A Simple Stoic Leader Philosophy We Can All Utilize—DeMarco Banter

or…Leadership Philosophy 201/We don’t need no stinkin’ philosophy—do we?

misc-quote-waste-time-marcus-aureliusLeadership Philosophy 101 was penned as part of a course I was teaching on leadership and command.  The piece has generated a great deal of discussion—both pro and con. Many of us have a desire to lead, some of us enjoy pondering leadership, and others assume leadership will simply happen.

The issue is when most people hear the word “philosophy”, their eyes glaze over and they emit this strange, semi audible groan. It’s the last thing many want to ponder or talk about and the last thing they feel they need.

It’s a bad reaction. Philosophy is not simply lecturing or reading long, dense books. In fact, it is something men and women of action, dare I say heroes have used throughout history to solve problems and achieve incredible triumphs on the battlefield, in the Forum, and in court.

The concept of philosophy was born from the ancient Greek and literally means “love of wisdom”.  Hence in my simple mind, “Leadership” Philosophy is the love of wise leadership. Further, philosophy is distinguished from other ways of addressing problems by its critical, generally systematic approach and its reliance on rational argument. In more casual speech, “philosophy” can refer to “the most basic beliefs, concepts, and attitudes of an individual or group”.  Leadership philosophy is how we express our love of leadership through a set of concepts, attitudes, and beliefs.

Historically, philosophy was practiced by slaves, poets, emperors, politicians, and soldiers, as well as ordinary individuals to assist with their own problems and those of their family, friends, and followers. As this wisdom is still there and available to us, why would we not apply philosophy to our leadership?

Let’s ponder the philosophy of stoics…

gladiator-marcus-aurelius-and-maximusStoicism is a school of Hellenistic philosophy founded in Athens by Zeno of Citium in the early 3rd century BC. The Stoics taught that destructive emotions resulted from errors in judgment, and that a sage, or person of “moral and intellectual perfection” would not suffer such emotions.

Stoics were concerned with the active relationship between cosmic determinism and human freedom, and the belief that it is virtuous to maintain a will that is in accord with nature.

Later Stoics—such as Seneca and Epictetus—emphasized that because “virtue is sufficient for happiness”, a sage was immune to misfortune.

From its founding, Stoic doctrine was popular with a following in Roman Greece and throughout the Roman Empire — including the Emperor Marcus Aurelius.

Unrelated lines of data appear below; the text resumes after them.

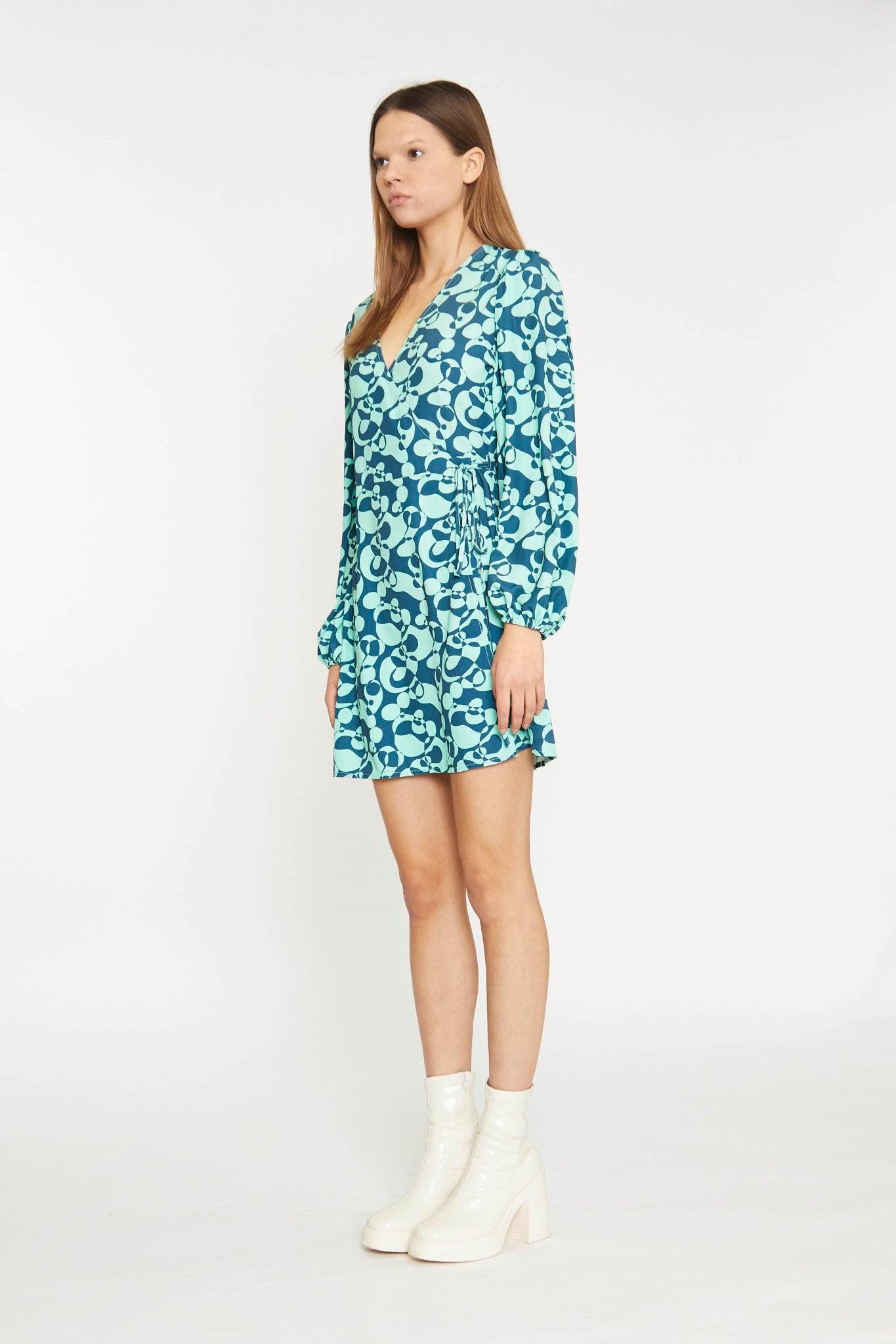 Glamorous Womens Green Abstract-Bubble V-Neck Wrap Mini Dress. This dress is a print lovers dream! Featuring a V-Neck fit and a wrap front, you wont regret adding this super fun flattering piece to your wardrobe. This style is a Glamorous favourite as it is super versatile and easy to wear, whatever the occasion.
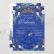This elegant floral quinceanera invitation features butterflies (you can move or remove them) and beautiful blue and white florals like roses and hydrangea and peonies. There is a beautiful golden tiara and all text can be customised.
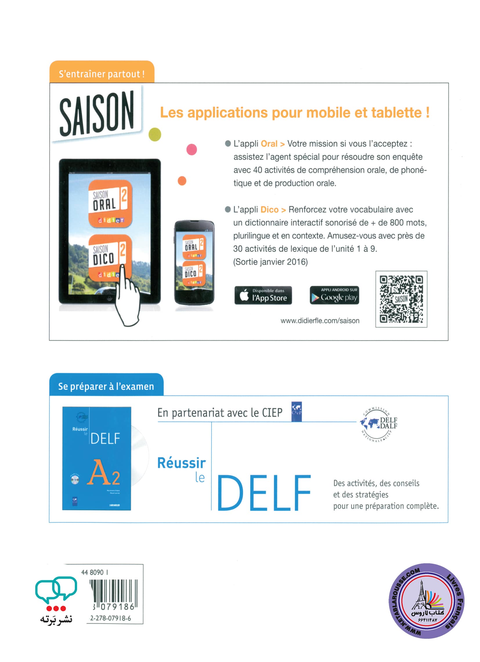 کتاب Saison 2 – A2 – B1 به گونه ای متناسب با تحقق 120 ساعت یادگیری زبان فرانسه و منطبق با استانداردهای اروپایی یادگیری زبان و با توجه به محدودیت توانمندی های ارتباطی دو سویه و کنشگرانه زبان آموز با سایرین طراحی شده است .
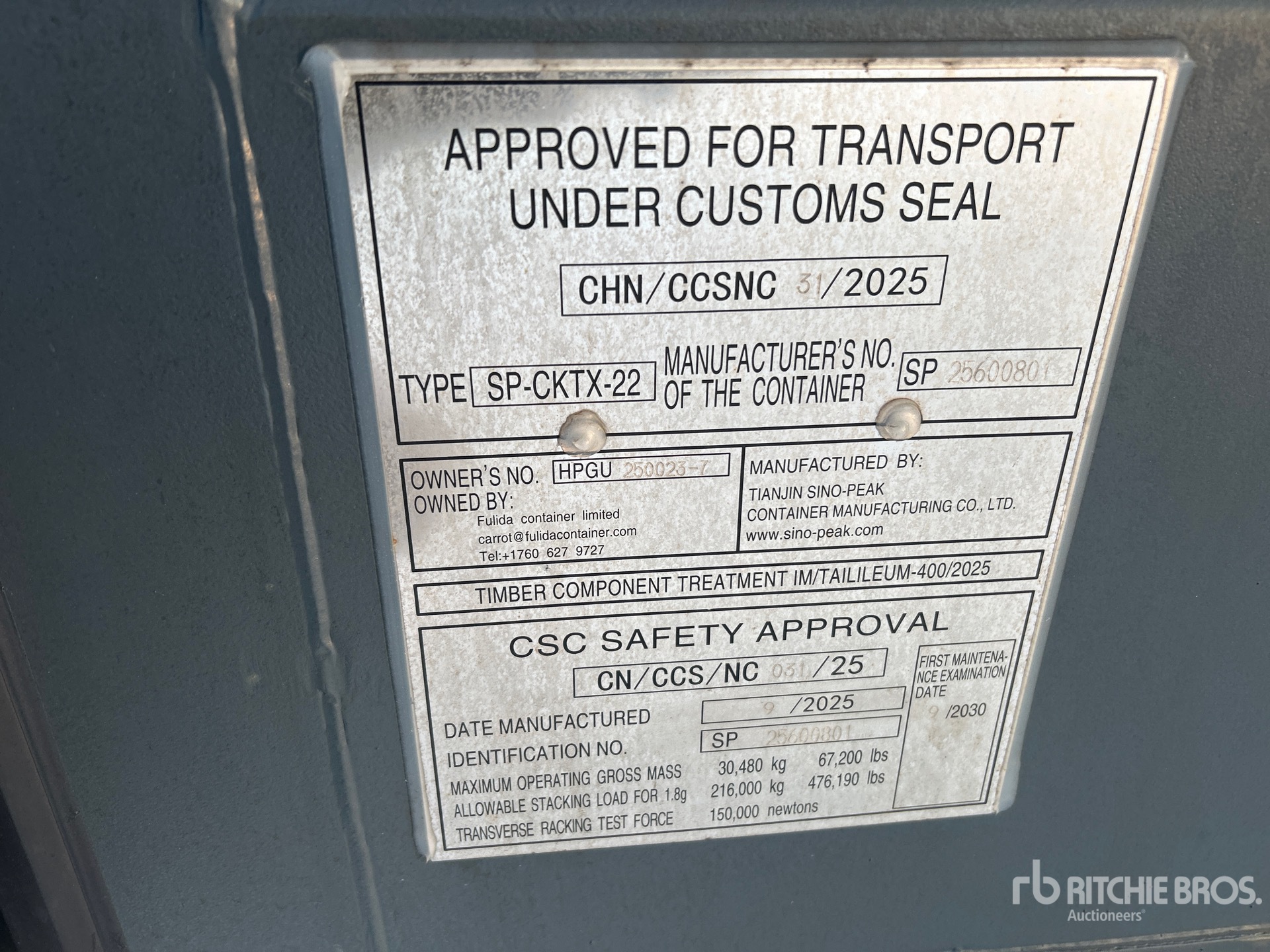 A qualified Ritchie Bros. employee collected detailed equipment information and performed functional tests on the key components of this asset. You, or a proxy, may also inspect any items on site prior to bidding on auction day.

The Stoics believed we don’t control and cannot rely on external events, only ourselves and our responses.  At the very root of the thinking, there is a very simple, though not easy, way of living. Take obstacles in your life and turn them into your advantage, control what you can and accept what you can’t.

“In life, our first job is this: to divide and distinguish things into two categories: externals I cannot control, but the choices I make with regard to them I do control. Where will I find good and bad? In me, in my choices.” -Epictetus

Believe me, that is nothing new.  It has been around since the early 3rd century BC, but its a powerful leadership philosophy. “Take obstacles in our lives and turn them to our advantage. Control what you can and accept what you can’t.”

We can’t control geopolitics, we can’t control the weather, we can’t control the economy, we can’t control other people, and at times we can’t even control our own bodies. The world is beyond our control. It’s a rough and unpredictable environment that is constantly changing. The only things we can really control are our own thoughts and beliefs. If we remind ourselves of that and focus our energy and attention there, we can learn to cope wisely and lead no matter what the world throws at us.

Leaders without a philosophy, however, follow the course of least resistance. Life becomes unstable, stressful, and frustrating. Leaders without a guiding philosophy are undependable followers.

The Stoics were men of action.  Marcus Aurelius was emperor of the most powerful empire in the history of the world. Cato, the moral example for many philosophers, defended the Roman republic with Stoic bravery until his defiant death.  In the end, perhaps we as leaders can see the need for a well-defined leadership philosophy.  For the stoics it was all about staying sane amid the chaos; always recalling what we can control and what we can’t.

For us, our leadership philosophy is the foundation of decision making. Guiding principles enable leaders to take the long-term perspective. Apart from a guiding philosophy, the course of least resistance or quick results is the obvious default answer.